Exercise: When you come upon a flashback in your story, check to see that it's short enough and has a purpose.

Friday, May 23, 2008

Christine - Lesson 4 (Point of View)

Point of View in Christine (Signet): The first section of Christine (a novel in first person) is in the point of view of Arnie Cunningham's high school friend Dennis. This employs a technique of using a narrator who is not central to the action (a technique that goes back as far as The Canterbury Tales and . . . well, the gospels).

A non-central character has the advantage of giving room for a larger than life character to stretch without being bound to telling the story (Think Chief to McMurphy in One Flew over the Cuckoo's Nest, Sal Paradise to Dean Moriarty in On the Road, and Louis to Lestat in Interview with the Vampire. (Although the latter proves to be a fantastic narrator in The Vampire Lestat and subsequent books).The reader gets to see the narrator as others see him. With Dennis as narrator, we see Arnie's slide into obsession, and we also see Christine as Arnie can't see her - as something to fear.

However, a non-central narrator must be interesting in his or her own right (something Dennis definitely warms to). Also, there's the problem that a non-central narrator has to be present for key events in the narrator.

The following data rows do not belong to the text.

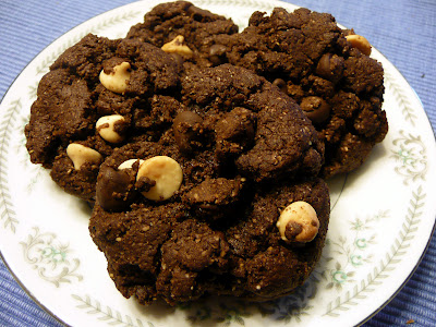 This is a tried and true recipe for oatmeal cookies. It never disappoints. It's from my old Betty Crocker cookbook (copyright 1978). The pictures in it are so '60's, and the recipes may seem a bit dated, but it is hands down, one of my favourite cookbooks. It's full of the kind of comfort dishes I grew up on. The cookie recipe, as written contains no eggs. There is buttermilk, but that is easily substituted. The original doesn't call for chocolate chips, but I just went a little wild and threw some in. The recipe makes a huge batch, but is easily halved.
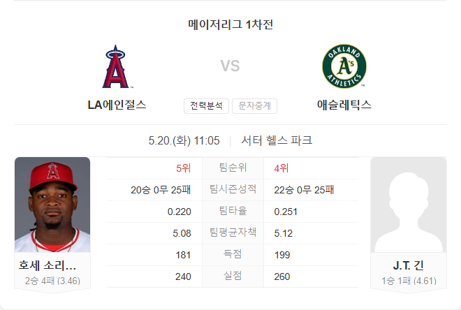 두 팀 모두 불펜이 불안하고, 선발 투수들 또한 믿을 수 있는 자원이 아닙니다. 하지만 에인절스는 최근 다저스를 상대로 타선에서 활발한 모습을 보였고, 소리아노도 직전 경기에서 호투를 펼치며 반등 기미를 보였습니다. 에슬레틱스는 투타 모두에서 부진이 지속되고 있으며, 제이티 진의 복귀전이라는 점에서 변수 요소가 큽니다. 흐름과 타선의 집중력을 고려할 때 에인절스가 근소한 우세를 점할 것으로 보입니다.
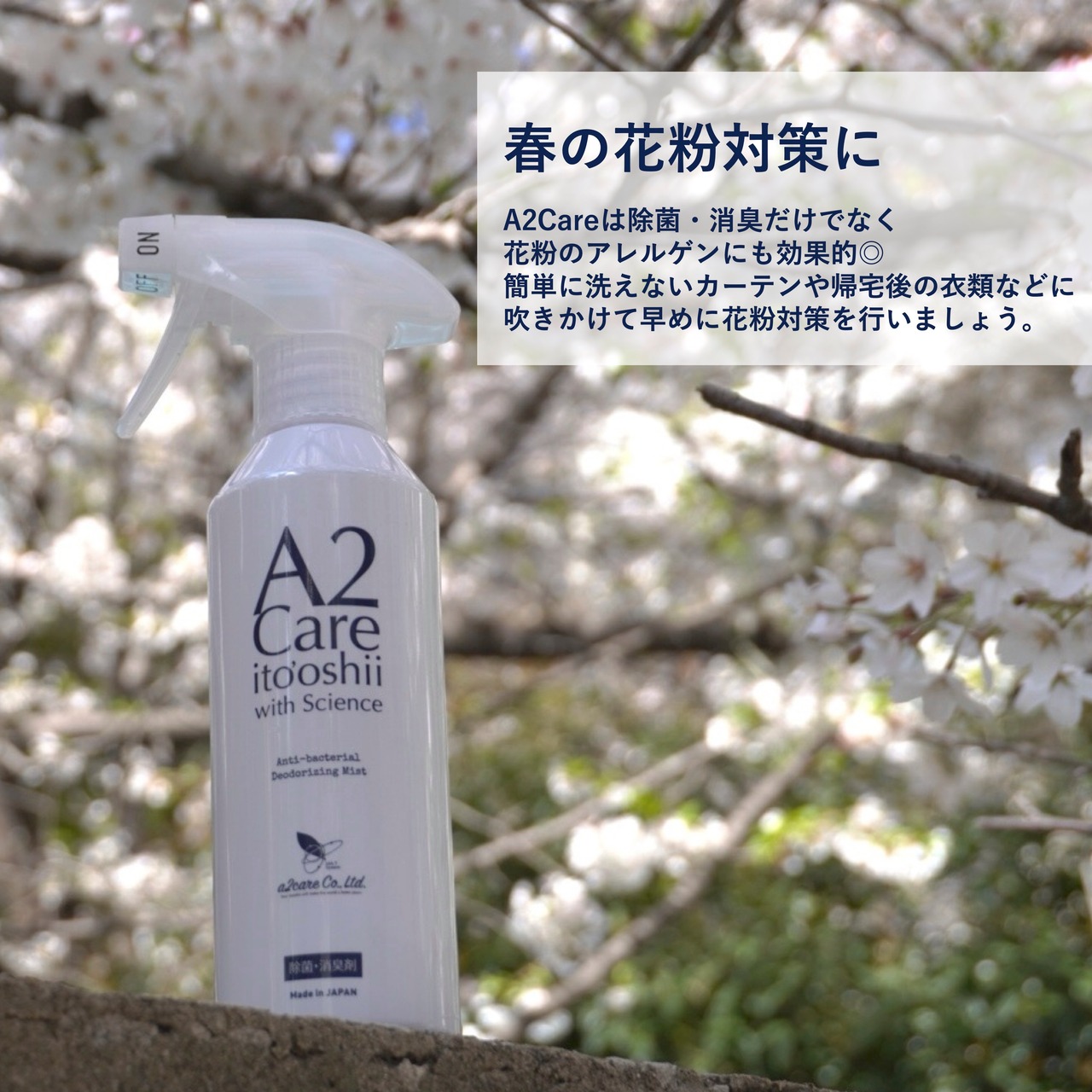 A2Careは、無色・無臭の水溶液で、アルコールフリーの主成分【MA-T SYSTEM®︎】が、細菌やウイルス・カビに働きかけ、除菌・カビ抑制効果を発揮します。
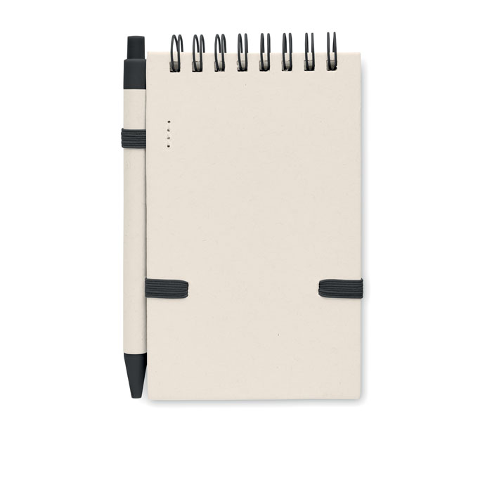 Notes A6 z przetworzonego kartonu po mleku (70% karton po mleku z recyklingu, 30% papier z recyklingu). 70 kartek, dopasowany długopis z przyciskiem z niebieskim tuszem i gumka zamykająca.
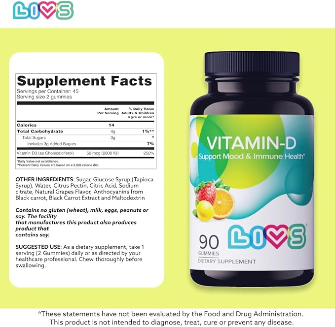 - Optimal Vitamin D3 2,000 IU Potency: Elevate your daily wellness with LIVS Vitamin D Gummies, each serving delivering a robust 2,000 IU of premium Vitamin D3. Designed for both women and adults, our delicious gummies ensure you get this vital nutrient, especially crucial for those with indoor lifestyles, complementing natural sunshine exposure effectively.
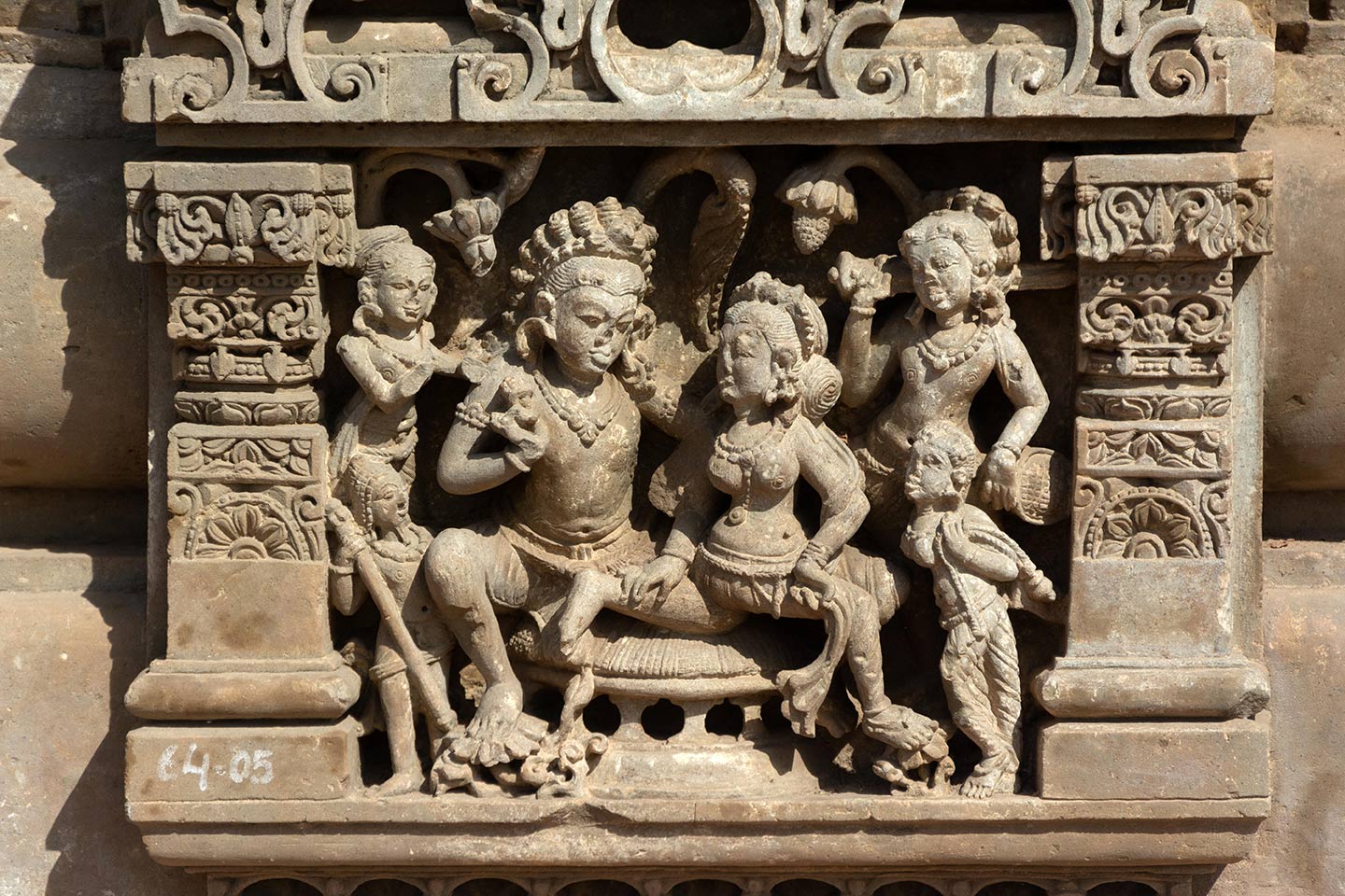 Couples invoking shringara rasa (associated with romance, love, and attractiveness between lovers) are framed in panels with pillars and tiered shikhara with gavaksha (horseshoe) motifs. Unlike other sections of the temple, the faces of the couples are not damaged and they are wearing heavy jewellery, elaborate hairstyle, and garments, indicating their royal lineage. The central male figure is seated in the lalitasana pose on a raised seat. The central female figure is seated on his thigh, looking towards the man with her head turned. Both rest their right feet on blooming lotus flowers. The man is holding a flower in his right hand while the woman gently rests her right hand on his left foot. Trees in the background suggest they are in a grove. The couple is surrounded by four male and female attendants. The female attendant in the top right is larger and is holding a sword in her right hand, indicating she is a warrior.

This can get kind of convoluted (King drops Dennis's first person narrative for the middle section of the book).

Exercise: Check to see if you have a first person narrator who is central to the story. If so, consider whether or not it would be effective to change the point of view to a non-central character.

Wednesday, May 21, 2008

Christine - Lesson 3 (Characterization)

Characterization in Christine (Signet): I like it when a character's physical attributes mirror his or her personality. A good example Chapter One of Christine is Roland LeBay.
It was an old guy who looked as if he was enjoying - more or less - his seventieth summer. Probably less. This particular dude struck me as the sort of man who enjoyed very little. His hair was long and scraggy, what little was left of it. He had a good case of psoriasis going on the bald part of his skull.

He was wearing green old man's pants and low topped Keds. No shirt; instead there was something cinched around his waist that looked like a lady's corset. When I got closer I saw that it was a back brace. From the look of it I would say, just offhand, that he changed it last somewhere around the time Lyndon Johnson died.
Here the reader looks at LeBay and is able to make his or her own conclusions. I especially like the back brace, that suggests something crooked is going on.

Presidential reference: Stephen King likes to mark time by presidential administrations - it's a lot more fun than saying "a long time" or "five years" (the book takes place in 1978 and LBJ died in 1973 - so the reader gets to do the math).

Exercise: Check the character descriptions in your story and see if the physical description matches the character's personality.

Tuesday, May 20, 2008

Christine - Lesson 2 (Conflict)

Conflict in Christine (Signet): King hits the ground running as Arnie first sees Christine in Chapter One.
"On my God!' my friend Arnie Cunningham cried out suddenly.

What is it?" I asked. His eyes were bulging from behind his steel-rimmed glasses, he had plastered one hand over his face so that it was partially cupping his mouth, and his neck could have been on ball-bearlings the way he was craning back over his shoulder.


"Stop the car, Dennis! Go back!"
Dennis and Arnie are at odds against each other over buying Christine. Simply put, Dennis is against it, and Arnie (inexplicably) is obsessed by it. King starts with the conflict quickly, and the reader is sucked into the Story.

King mines this conflict very well, while keeping the two teens friends. Then in Chapter Two, he complicates things further by pitting Dennis and Arnie against Arnie's parents.

Adverbs: As a rule, cut out the adverbs. The first line would be stronger without the "suddenly." While King warns against adverbs in On Writing, he also acknowledges that going back to his old work would reveal lots of them.

Exercise: Does the conflict start at the beginning with little preamble? Also search for adverbs and cut as many as it can.